Please read your patient information leaflet for full information.
- Fostimon is used to promote ovulation in women who are not ovulating and who have not responded to other treatment (clomifene citrate)
- It is used to bring about the development of several follicles (and therefore several eggs) in women receiving fertility treatment
Urofollitropin is a highly purified human follicle stimulating hormone, belonging to a group of medicines called gonadotropins. This medicinal product must be used under the supervision of your doctor.

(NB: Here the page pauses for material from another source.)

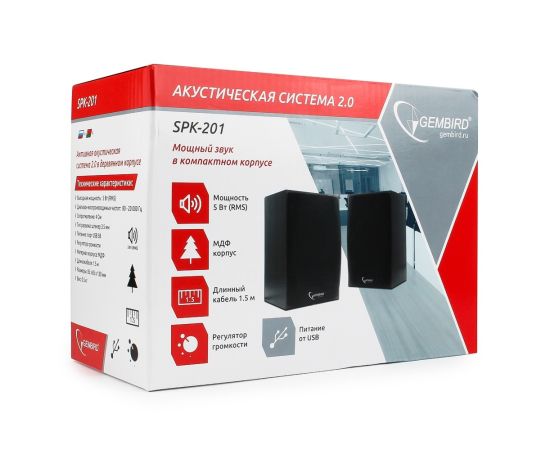 Gembird SPK-201, МДФ, черный ,2х2,5 Вт, регулятор громкости, USB-питание
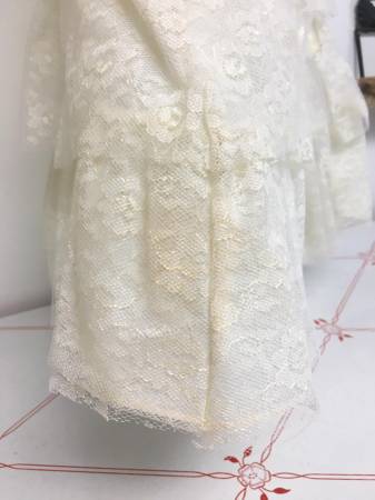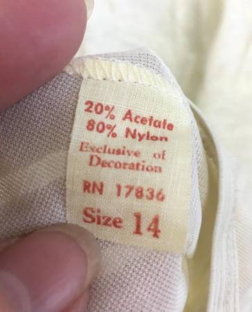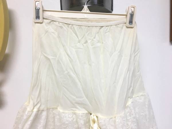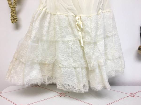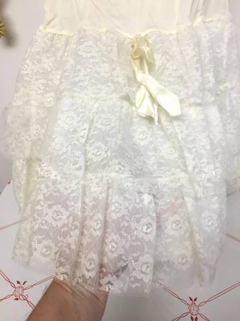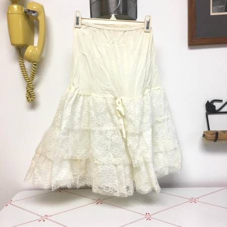 Vintage Dress/Skirt Petticoat/Crinoline With Lace Layers - This vintage dress petticoat/crinoline is in excellent condition. It has three rows of 4.5" wide stiff lace and tulle. The top is stretchy nylon, while the bottom (under the lace) is a stiffer crinoline fabric. The waist stretches from 18.5" to 29". The length is 21". There is no maker label, but the tag does say size 14 (I'm sure that's vintage sizing) due to the waist measurements). I do see one light soil spot on the side of the skirt that may or may not come out.

You and your partner’s fertility will be evaluated before your treatment is started. DO NOT USE FOSTIMON if you have any of the following:
- Enlarged ovaries or cysts not caused by a hormonal disorder (polycystic ovarian disease)
- Bleeding of unknown cause
- Cancer of the ovaries, uterus or breast
- Abnormal swelling (tumour) of the pituitary gland or hypothalamus (brain)
- Hypersensitivity (allergy) to Urofollitropin or any of the ingredients in Fostimon
This medicine should not be used if you have an early menopause, a malformation of the sexual organs or certain tumours of the womb that would make a normal pregnancy impossible.
TAKE SPECIAL CARE WITH FOSTIMON
Although no allergic reactions to Fostimon have yet been reported, you should tell your doctor if you have an allergic reaction to similar medicines.
This treatment increases your risk of developing a condition known as ovarian hyperstimulation syndrome (OHSS) (see Possible side effects). If ovarian hyperstimulation occurs then your treatment will be stopped and pregnancy will be avoided. The first signs of ovarian hyperstimulation are pain in the lower abdominal region as well as nausea (feeling sick), vomiting and weight gain. If these symptoms occur you should be examined by your doctor as soon as possible. In serious, but rare cases, the ovaries can become enlarged and fluid can build up in the abdomen or chest. The drug used to bring about the final release of mature eggs (containing human chorionic gonadotropin-hCG) can increase the likelihood of OHSS. It is therefore not advisable to use hCG in cases where OHSS is developing and you should not have sexual intercourse even if using a barrier methods of contraception for at least 4 days.
It should be noted that women with fertility problems have a higher rate of miscarriages than the normal population.
In patients having treatment to help ovulation, the occurrence of multiple pregnancies and births is increased compared to natural conception. However, this risk can be minimised by using the recommended dose.
There is a slightly increased risk of extra-uterine pregnancy (an ectopic pregnancy) in women with damaged fallopian tubes.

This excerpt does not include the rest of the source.